*** Opening DATA EXCERPTS ***

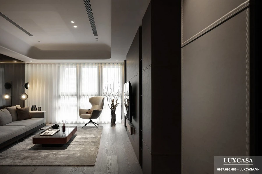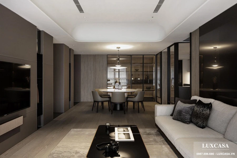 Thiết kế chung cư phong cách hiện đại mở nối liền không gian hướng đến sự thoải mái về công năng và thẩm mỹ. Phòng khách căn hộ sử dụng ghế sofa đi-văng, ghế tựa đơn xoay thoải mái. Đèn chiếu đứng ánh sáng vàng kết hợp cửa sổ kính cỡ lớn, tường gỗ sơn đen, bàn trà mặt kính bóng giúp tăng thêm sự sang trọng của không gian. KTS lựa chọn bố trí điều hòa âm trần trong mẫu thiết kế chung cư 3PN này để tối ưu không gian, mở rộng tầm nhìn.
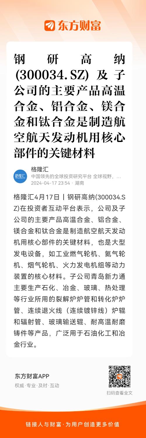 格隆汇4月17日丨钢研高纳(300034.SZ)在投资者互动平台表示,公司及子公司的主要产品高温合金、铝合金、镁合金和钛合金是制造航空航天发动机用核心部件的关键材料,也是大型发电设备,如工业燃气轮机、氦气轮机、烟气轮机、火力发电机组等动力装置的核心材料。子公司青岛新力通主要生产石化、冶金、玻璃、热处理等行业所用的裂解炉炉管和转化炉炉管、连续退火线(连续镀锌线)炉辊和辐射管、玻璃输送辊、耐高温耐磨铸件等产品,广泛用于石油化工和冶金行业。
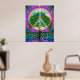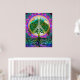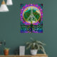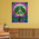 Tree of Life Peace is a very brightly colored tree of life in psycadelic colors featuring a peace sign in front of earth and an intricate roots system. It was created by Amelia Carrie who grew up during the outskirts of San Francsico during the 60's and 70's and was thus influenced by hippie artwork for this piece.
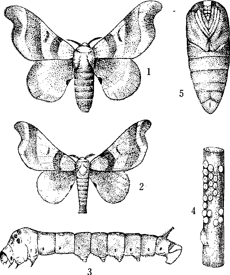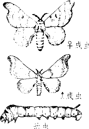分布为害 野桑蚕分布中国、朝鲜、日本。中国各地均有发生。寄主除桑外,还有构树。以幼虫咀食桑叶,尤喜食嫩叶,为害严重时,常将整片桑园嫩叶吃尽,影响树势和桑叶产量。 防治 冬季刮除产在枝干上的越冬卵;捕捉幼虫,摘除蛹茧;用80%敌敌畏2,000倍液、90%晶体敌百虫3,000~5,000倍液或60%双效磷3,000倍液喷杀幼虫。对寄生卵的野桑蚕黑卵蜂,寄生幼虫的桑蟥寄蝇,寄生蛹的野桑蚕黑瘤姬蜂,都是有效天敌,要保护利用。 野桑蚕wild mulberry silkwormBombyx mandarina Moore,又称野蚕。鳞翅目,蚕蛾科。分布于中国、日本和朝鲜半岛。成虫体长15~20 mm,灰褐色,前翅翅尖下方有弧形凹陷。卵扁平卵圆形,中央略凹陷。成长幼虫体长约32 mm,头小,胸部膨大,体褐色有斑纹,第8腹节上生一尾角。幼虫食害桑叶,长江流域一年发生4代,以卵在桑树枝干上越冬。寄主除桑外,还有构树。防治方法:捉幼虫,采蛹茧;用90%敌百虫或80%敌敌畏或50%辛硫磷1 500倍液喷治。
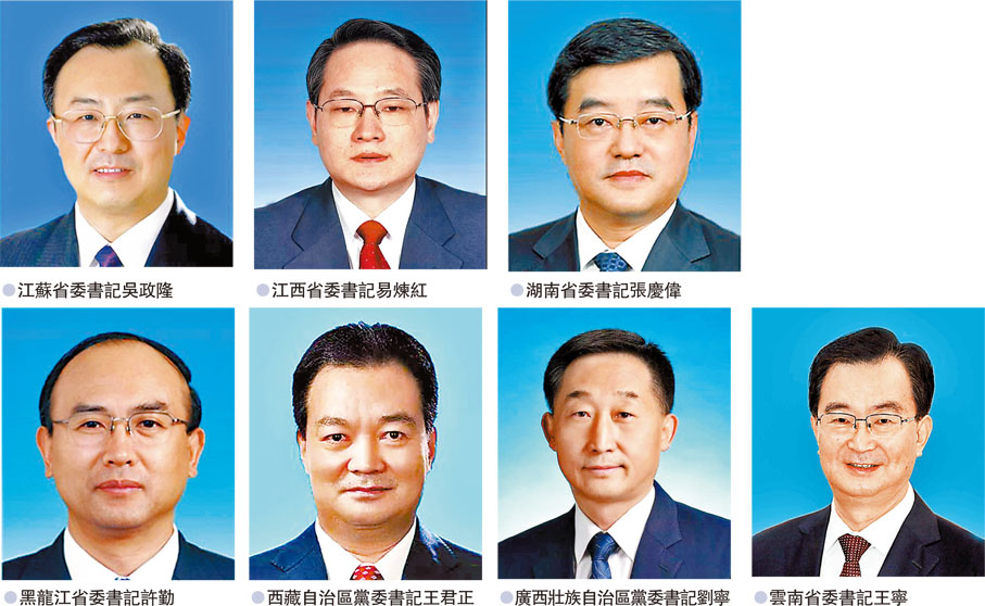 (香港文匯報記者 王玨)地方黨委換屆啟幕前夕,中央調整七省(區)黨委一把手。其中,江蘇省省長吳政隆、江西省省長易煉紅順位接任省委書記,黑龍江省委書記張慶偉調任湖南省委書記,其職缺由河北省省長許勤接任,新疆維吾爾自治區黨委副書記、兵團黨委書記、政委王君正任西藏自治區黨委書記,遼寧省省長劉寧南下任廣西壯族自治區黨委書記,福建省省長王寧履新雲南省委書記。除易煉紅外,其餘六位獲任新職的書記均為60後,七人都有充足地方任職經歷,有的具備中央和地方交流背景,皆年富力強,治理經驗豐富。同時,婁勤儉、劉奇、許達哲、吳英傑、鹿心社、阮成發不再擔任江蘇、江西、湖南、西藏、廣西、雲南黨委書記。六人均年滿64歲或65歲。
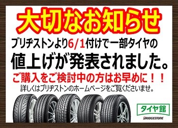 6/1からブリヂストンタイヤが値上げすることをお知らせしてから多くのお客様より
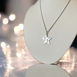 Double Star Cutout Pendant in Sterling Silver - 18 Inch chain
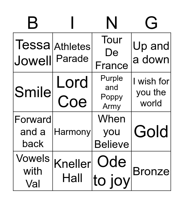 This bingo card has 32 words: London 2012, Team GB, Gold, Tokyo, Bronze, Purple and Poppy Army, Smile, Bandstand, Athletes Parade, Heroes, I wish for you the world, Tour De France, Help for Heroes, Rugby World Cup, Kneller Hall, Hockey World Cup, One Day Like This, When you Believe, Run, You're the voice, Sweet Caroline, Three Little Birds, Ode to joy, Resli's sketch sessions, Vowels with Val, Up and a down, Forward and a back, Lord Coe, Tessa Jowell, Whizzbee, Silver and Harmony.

*** Closing DATA EXCERPTS ***

→ **TASK STATEMENT**
With all pictures omitted, return exactly the lines from the one containing "Tree of Life Peace" through the end of the entries above.

→ **RESPONSE BELOW**
 Tree of Life Peace is a very brightly colored tree of life in psycadelic colors featuring a peace sign in front of earth and an intricate roots system. It was created by Amelia Carrie who grew up during the outskirts of San Francsico during the 60's and 70's and was thus influenced by hippie artwork for this piece.
分布为害 野桑蚕分布中国、朝鲜、日本。中国各地均有发生。寄主除桑外,还有构树。以幼虫咀食桑叶,尤喜食嫩叶,为害严重时,常将整片桑园嫩叶吃尽,影响树势和桑叶产量。 防治 冬季刮除产在枝干上的越冬卵;捕捉幼虫,摘除蛹茧;用80%敌敌畏2,000倍液、90%晶体敌百虫3,000~5,000倍液或60%双效磷3,000倍液喷杀幼虫。对寄生卵的野桑蚕黑卵蜂,寄生幼虫的桑蟥寄蝇,寄生蛹的野桑蚕黑瘤姬蜂,都是有效天敌,要保护利用。 野桑蚕wild mulberry silkwormBombyx mandarina Moore,又称野蚕。鳞翅目,蚕蛾科。分布于中国、日本和朝鲜半岛。成虫体长15~20 mm,灰褐色,前翅翅尖下方有弧形凹陷。卵扁平卵圆形,中央略凹陷。成长幼虫体长约32 mm,头小,胸部膨大,体褐色有斑纹,第8腹节上生一尾角。幼虫食害桑叶,长江流域一年发生4代,以卵在桑树枝干上越冬。寄主除桑外,还有构树。防治方法:捉幼虫,采蛹茧;用90%敌百虫或80%敌敌畏或50%辛硫磷1 500倍液喷治。
 (香港文匯報記者 王玨)地方黨委換屆啟幕前夕,中央調整七省(區)黨委一把手。其中,江蘇省省長吳政隆、江西省省長易煉紅順位接任省委書記,黑龍江省委書記張慶偉調任湖南省委書記,其職缺由河北省省長許勤接任,新疆維吾爾自治區黨委副書記、兵團黨委書記、政委王君正任西藏自治區黨委書記,遼寧省省長劉寧南下任廣西壯族自治區黨委書記,福建省省長王寧履新雲南省委書記。除易煉紅外,其餘六位獲任新職的書記均為60後,七人都有充足地方任職經歷,有的具備中央和地方交流背景,皆年富力強,治理經驗豐富。同時,婁勤儉、劉奇、許達哲、吳英傑、鹿心社、阮成發不再擔任江蘇、江西、湖南、西藏、廣西、雲南黨委書記。六人均年滿64歲或65歲。
 6/1からブリヂストンタイヤが値上げすることをお知らせしてから多くのお客様より
 Double Star Cutout Pendant in Sterling Silver - 18 Inch chain
 This bingo card has 32 words: London 2012, Team GB, Gold, Tokyo, Bronze, Purple and Poppy Army, Smile, Bandstand, Athletes Parade, Heroes, I wish for you the world, Tour De France, Help for Heroes, Rugby World Cup, Kneller Hall, Hockey World Cup, One Day Like This, When you Believe, Run, You're the voice, Sweet Caroline, Three Little Birds, Ode to joy, Resli's sketch sessions, Vowels with Val, Up and a down, Forward and a back, Lord Coe, Tessa Jowell, Whizzbee, Silver and Harmony.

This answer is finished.